▶ [WORK TO COMPLETE]
Using the data below, return word for word every line from the one holding "Jak píšu nad" down to the one holding "Sterling Silver 14k". Leave pictures out.

▶ [INFORMATION PROVIDED]
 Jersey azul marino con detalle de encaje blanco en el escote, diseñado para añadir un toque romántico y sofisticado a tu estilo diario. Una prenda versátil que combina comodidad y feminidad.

* * *

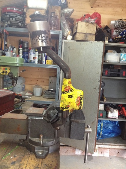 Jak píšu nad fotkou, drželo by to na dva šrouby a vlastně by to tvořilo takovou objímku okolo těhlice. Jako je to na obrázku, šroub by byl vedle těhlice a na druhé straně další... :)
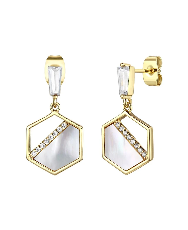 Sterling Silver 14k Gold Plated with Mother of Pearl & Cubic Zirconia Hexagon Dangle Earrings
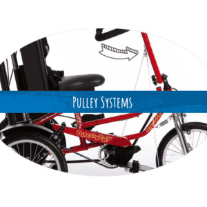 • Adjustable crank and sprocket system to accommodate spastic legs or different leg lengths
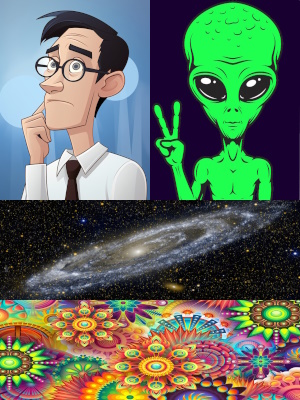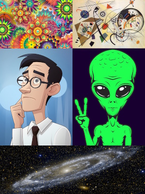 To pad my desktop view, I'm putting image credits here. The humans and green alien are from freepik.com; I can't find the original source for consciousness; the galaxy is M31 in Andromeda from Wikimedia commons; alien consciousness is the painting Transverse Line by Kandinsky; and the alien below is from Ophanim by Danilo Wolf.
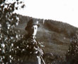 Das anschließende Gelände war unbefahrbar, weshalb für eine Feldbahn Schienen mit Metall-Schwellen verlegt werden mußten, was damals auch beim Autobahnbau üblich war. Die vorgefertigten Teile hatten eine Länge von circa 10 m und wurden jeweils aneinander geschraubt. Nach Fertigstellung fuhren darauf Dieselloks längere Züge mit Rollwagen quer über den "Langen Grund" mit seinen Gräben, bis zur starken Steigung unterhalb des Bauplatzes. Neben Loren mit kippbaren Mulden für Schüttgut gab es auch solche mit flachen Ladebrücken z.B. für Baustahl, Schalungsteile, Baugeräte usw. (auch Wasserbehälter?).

▶ [YOUR RESPONSE]
 Jak píšu nad fotkou, drželo by to na dva šrouby a vlastně by to tvořilo takovou objímku okolo těhlice. Jako je to na obrázku, šroub by byl vedle těhlice a na druhé straně další... :)
 Sterling Silver 14k Gold Plated with Mother of Pearl & Cubic Zirconia Hexagon Dangle Earrings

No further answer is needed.